● Required work
Only one stretch of the data below is wanted: the lines starting at the one with "-2 的各種陽極電極的估計(jì)厚度。 (c)" and ending at the one with "WHO ATE MY UNCLE?", both included, given again exactly.

● Material for this exercise
● ● ●

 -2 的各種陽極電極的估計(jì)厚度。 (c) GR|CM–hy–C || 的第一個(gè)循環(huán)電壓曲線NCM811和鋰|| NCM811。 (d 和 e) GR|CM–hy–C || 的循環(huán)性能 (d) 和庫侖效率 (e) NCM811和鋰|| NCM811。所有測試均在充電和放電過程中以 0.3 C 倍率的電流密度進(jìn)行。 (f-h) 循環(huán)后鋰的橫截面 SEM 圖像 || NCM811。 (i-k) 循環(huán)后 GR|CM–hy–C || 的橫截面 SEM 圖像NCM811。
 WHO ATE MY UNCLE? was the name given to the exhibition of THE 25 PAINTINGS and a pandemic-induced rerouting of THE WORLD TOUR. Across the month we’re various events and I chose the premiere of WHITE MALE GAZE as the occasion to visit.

● ● ●

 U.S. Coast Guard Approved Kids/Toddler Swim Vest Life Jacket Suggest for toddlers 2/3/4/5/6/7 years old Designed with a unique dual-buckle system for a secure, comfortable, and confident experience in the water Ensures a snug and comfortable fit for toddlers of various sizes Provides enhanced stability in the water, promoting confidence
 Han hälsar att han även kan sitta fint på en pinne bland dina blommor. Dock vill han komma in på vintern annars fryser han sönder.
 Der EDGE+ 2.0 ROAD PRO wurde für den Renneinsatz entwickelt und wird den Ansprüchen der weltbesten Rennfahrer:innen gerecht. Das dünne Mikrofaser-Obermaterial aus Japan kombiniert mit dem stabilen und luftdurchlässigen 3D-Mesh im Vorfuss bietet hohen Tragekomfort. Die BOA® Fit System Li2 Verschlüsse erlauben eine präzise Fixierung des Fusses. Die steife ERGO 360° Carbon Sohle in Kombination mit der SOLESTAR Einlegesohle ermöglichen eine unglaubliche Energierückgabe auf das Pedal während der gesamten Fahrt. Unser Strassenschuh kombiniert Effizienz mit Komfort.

● ● ●

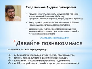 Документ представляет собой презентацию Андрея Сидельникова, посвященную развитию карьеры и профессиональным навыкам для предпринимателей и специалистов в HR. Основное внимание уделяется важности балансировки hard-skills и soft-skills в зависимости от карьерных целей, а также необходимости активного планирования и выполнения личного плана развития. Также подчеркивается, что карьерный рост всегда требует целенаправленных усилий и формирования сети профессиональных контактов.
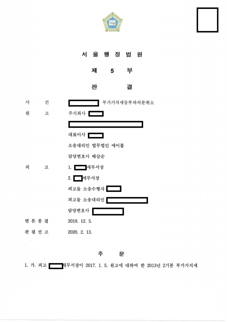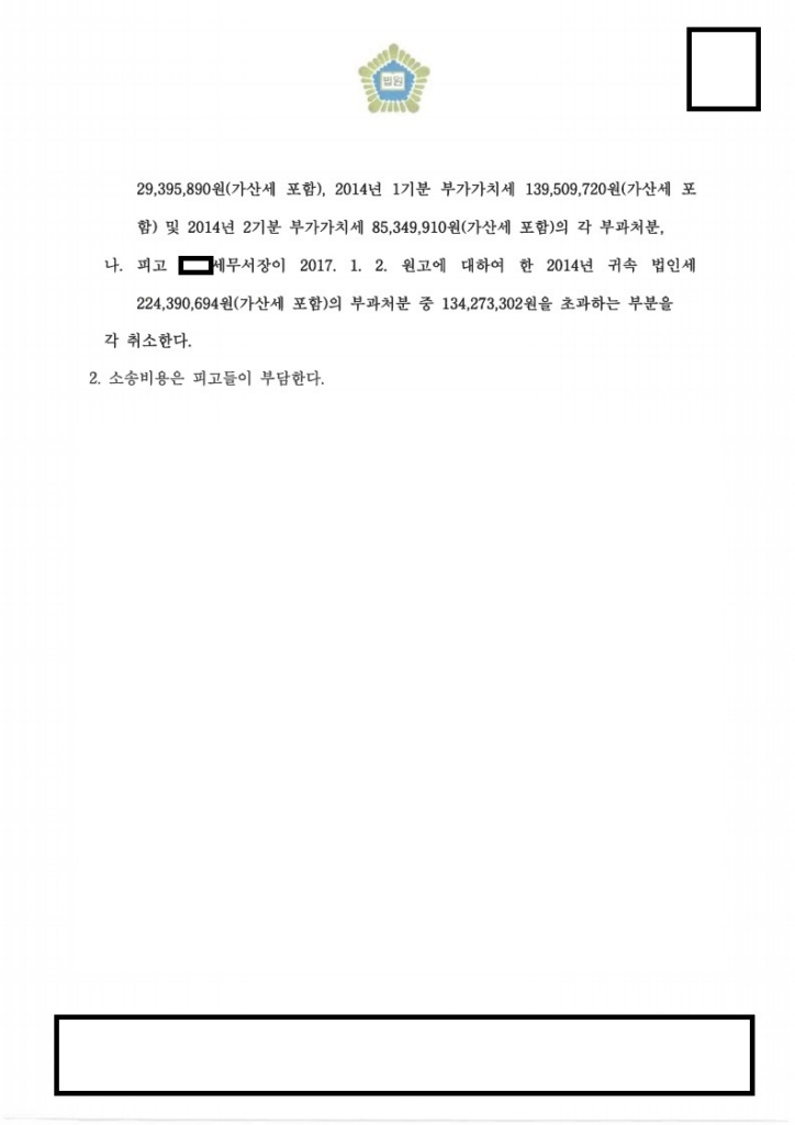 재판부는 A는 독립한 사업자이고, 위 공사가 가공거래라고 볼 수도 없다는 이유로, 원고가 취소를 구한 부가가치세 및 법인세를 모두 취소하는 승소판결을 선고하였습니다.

● ● ●

● Reply
 -2 的各種陽極電極的估計(jì)厚度。 (c) GR|CM–hy–C || 的第一個(gè)循環(huán)電壓曲線NCM811和鋰|| NCM811。 (d 和 e) GR|CM–hy–C || 的循環(huán)性能 (d) 和庫侖效率 (e) NCM811和鋰|| NCM811。所有測試均在充電和放電過程中以 0.3 C 倍率的電流密度進(jìn)行。 (f-h) 循環(huán)后鋰的橫截面 SEM 圖像 || NCM811。 (i-k) 循環(huán)后 GR|CM–hy–C || 的橫截面 SEM 圖像NCM811。
 WHO ATE MY UNCLE? was the name given to the exhibition of THE 25 PAINTINGS and a pandemic-induced rerouting of THE WORLD TOUR. Across the month we’re various events and I chose the premiere of WHITE MALE GAZE as the occasion to visit.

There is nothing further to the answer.